Source material
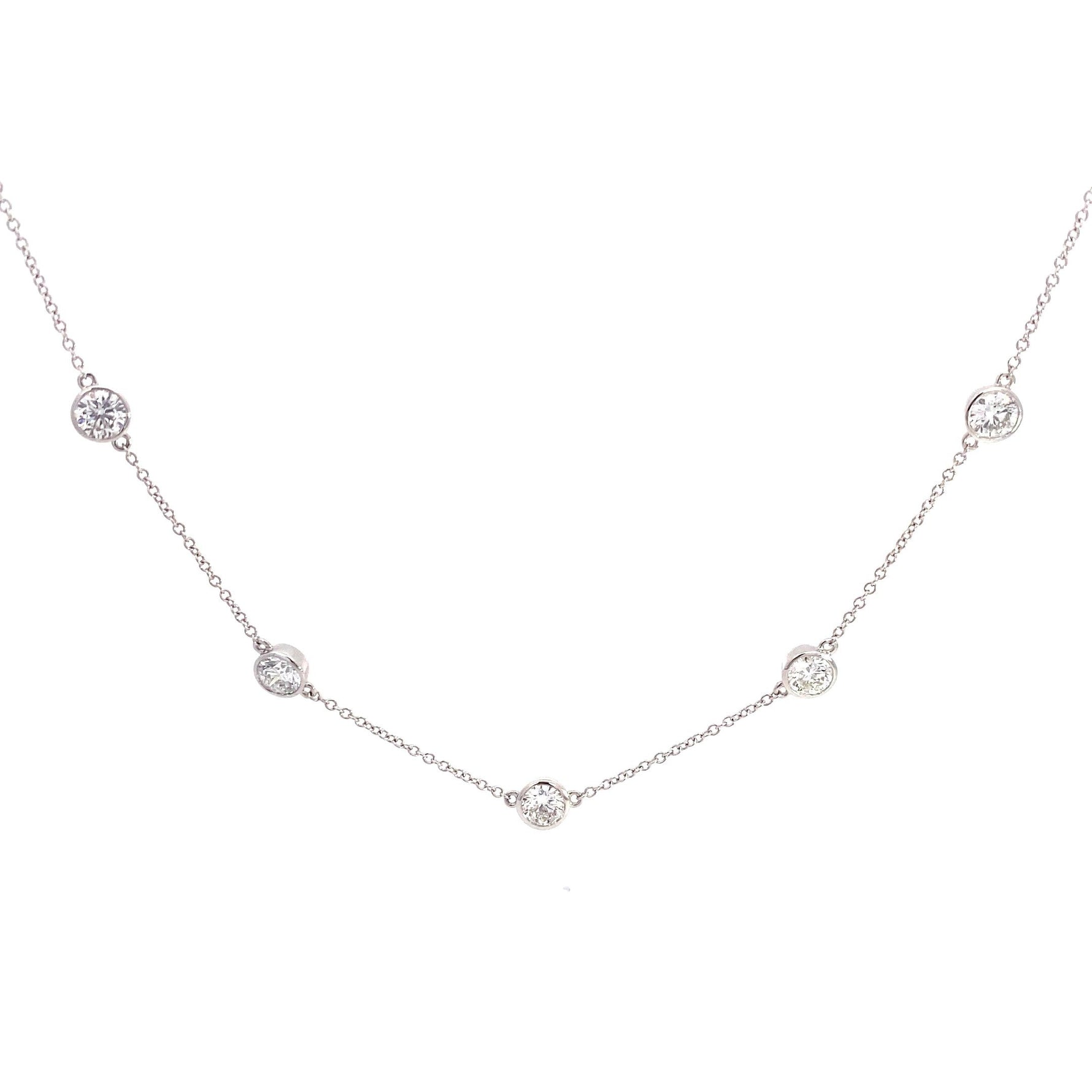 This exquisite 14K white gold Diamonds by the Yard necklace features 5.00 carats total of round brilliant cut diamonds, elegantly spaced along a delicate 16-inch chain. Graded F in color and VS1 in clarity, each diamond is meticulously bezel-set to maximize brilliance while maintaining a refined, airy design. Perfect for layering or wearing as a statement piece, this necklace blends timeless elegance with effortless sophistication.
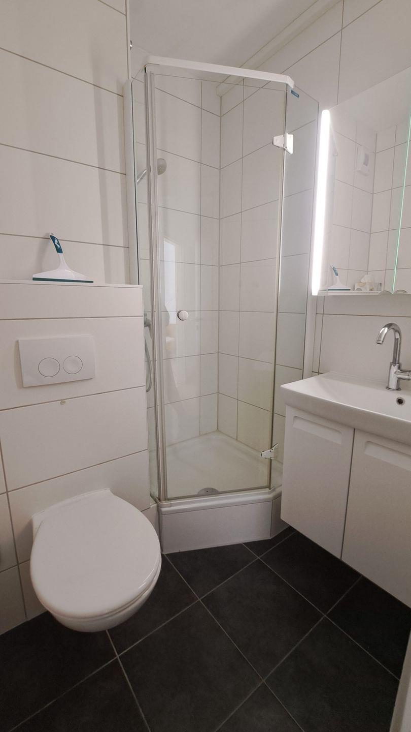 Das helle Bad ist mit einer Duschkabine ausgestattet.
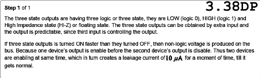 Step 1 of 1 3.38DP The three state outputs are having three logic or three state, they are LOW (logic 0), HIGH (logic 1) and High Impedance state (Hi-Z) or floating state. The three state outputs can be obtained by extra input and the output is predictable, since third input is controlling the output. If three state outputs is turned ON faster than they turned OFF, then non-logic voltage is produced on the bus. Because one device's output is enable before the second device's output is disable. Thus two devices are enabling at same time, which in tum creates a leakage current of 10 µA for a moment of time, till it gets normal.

Problem to work on
Nothing but the lines from the first line of the data above through the line holding "Das helle Bad" may appear in the response, copied exactly and without pictures.

Solution
 This exquisite 14K white gold Diamonds by the Yard necklace features 5.00 carats total of round brilliant cut diamonds, elegantly spaced along a delicate 16-inch chain. Graded F in color and VS1 in clarity, each diamond is meticulously bezel-set to maximize brilliance while maintaining a refined, airy design. Perfect for layering or wearing as a statement piece, this necklace blends timeless elegance with effortless sophistication.
 Das helle Bad ist mit einer Duschkabine ausgestattet.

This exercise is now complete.